==== Information shown ====

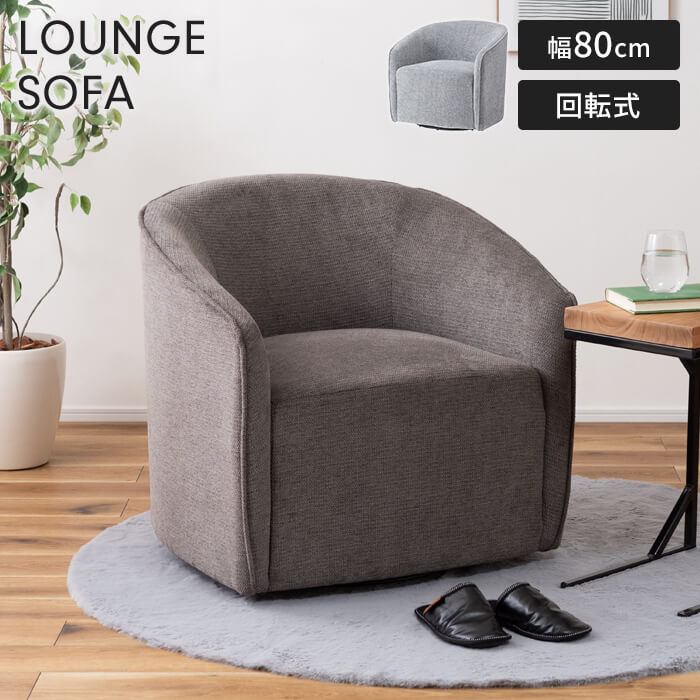 背面からアームかけての曲線が上品なラウンジソファ。◇背面のクッション性が高く包み込むようなデザイン。◇ゆったりと身体を預けて、リラックスできる空間を演出。◇回転式なので座ったまま体の向きを変えることができる、機能性の高いアイテム。◇しっかりとした固めの座面は長時間腰掛けても疲れにくい設計。◇優しいさらさらとした触り心地が魅力的なファブリックを使用。◇座面が360°回転し立ち座りしやすい仕様。キーワード: ソファ ソファー 1人掛け 一人掛け 回転 回転式 回転チェア 回転ソファ 回る 肘付き 肘あり アームソファ アームレスト 1人 一人 クッション 座面高43 布地 布張り シンプル モダン グレー ダークグレー チャコールグレー
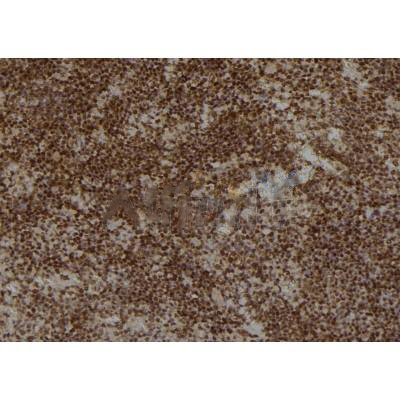 ab16670 at 1/100 staining Mouse spleen tissue by IHC-P. The sample was formaldehyde fixed and a heat mediated antigen retrieval step in citrate buffer was performed. The sample was then blocked and incubated with the antibody for 1.5 hours at 22°C. An HRP conjugated goat anti-rabbit antibody was used as the secondary antibody....
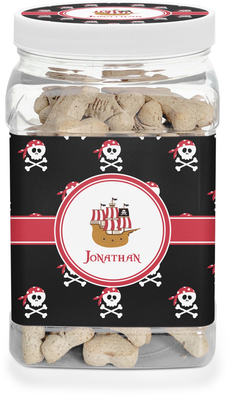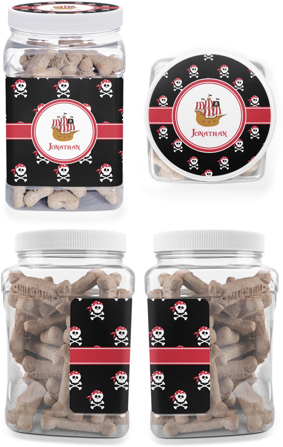 This half gallon jar, made from a sturdy plastic, is the perfect way to keep treats from any naughty pet paws, while still keeping them ready on hand for when your pup performs an impressive trick. This dog cookie jar features a screw-on, white lid that displays your personalized design on a vinyl sticker. We apply another customized sticker that wraps around the front and sides of the jar. Our dog treat jar also has indentations on the rear ends of the sides, which allows for convenient handling, and its square frame allows for easy storage.

====

Problem to work on = Write out the lines from the start of the material to the line with "ab16670 at 1/100", inclusive and exactly. Skip the pictures.

Problem solution =
 背面からアームかけての曲線が上品なラウンジソファ。◇背面のクッション性が高く包み込むようなデザイン。◇ゆったりと身体を預けて、リラックスできる空間を演出。◇回転式なので座ったまま体の向きを変えることができる、機能性の高いアイテム。◇しっかりとした固めの座面は長時間腰掛けても疲れにくい設計。◇優しいさらさらとした触り心地が魅力的なファブリックを使用。◇座面が360°回転し立ち座りしやすい仕様。キーワード: ソファ ソファー 1人掛け 一人掛け 回転 回転式 回転チェア 回転ソファ 回る 肘付き 肘あり アームソファ アームレスト 1人 一人 クッション 座面高43 布地 布張り シンプル モダン グレー ダークグレー チャコールグレー
 ab16670 at 1/100 staining Mouse spleen tissue by IHC-P. The sample was formaldehyde fixed and a heat mediated antigen retrieval step in citrate buffer was performed. The sample was then blocked and incubated with the antibody for 1.5 hours at 22°C. An HRP conjugated goat anti-rabbit antibody was used as the secondary antibody....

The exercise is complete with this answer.